Strike social balance by taxing the billionaires

Strike social balance by taxing the billionaires

Recent comments by the Prime Minister reignited a debate of some of the most divisive issues facing Singapore today - its growth strategy, openness towards foreigners, and the yawning income gap.

If he could persuade another 10 billionaires to move here, Prime Minister Lee Hsien Loong told his well-heeled audience at a bank forum last week, he would, even if that led to higher income inequality.

His reasons: these billionaires would bring business and opportunities, open new doors and create new jobs. He also made the point that prosperity and economic gains, when broadly shared, can do much good for society.

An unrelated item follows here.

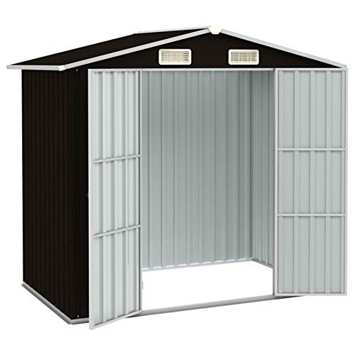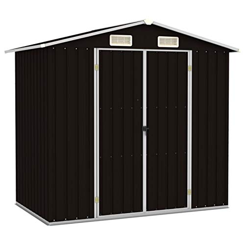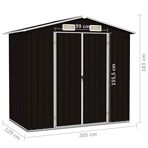 Tidyard Gerätehaus Gartenschuppen Schuppen entfernen Lagerschuppen sämtliche verzinktem Stahl,Ohne Boden,Geräteschuppen 205 x 129 x 183 cm,Doppeltüren,Fase Dach
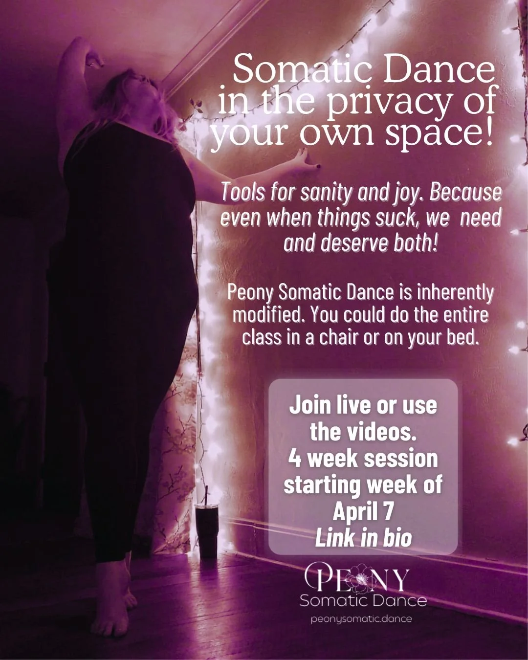 Thursday, Peony Somatic Dance (60 minutes). This is the evening session but again… video.

In that vein, he pledged that the less successful will remain on the Government's radar and it will continue to give them a leg up through subsidies and other ways.

Singapore's openness towards foreigners has not wavered for decades, and PM Lee's comments are not a departure from the rational and pragmatic approach that has guided political leaders over the years.

But the strong reaction they have generated, both online and offline, show that with Singapore having reached a certain level of economic prosperity, there are sections of society who are increasingly uncomfortable with the welcome mat being laid out for rich foreigners.

Their ostentatious lifestyles - luxury cars, Dom Perignon champagne and the other trappings of high society - make the divide even harder to stomach.

Even Foreign Minister K. Shanmugam, while driving in the evening recently, found himself cut off first by the driver of a Ferrari, and then a Porsche.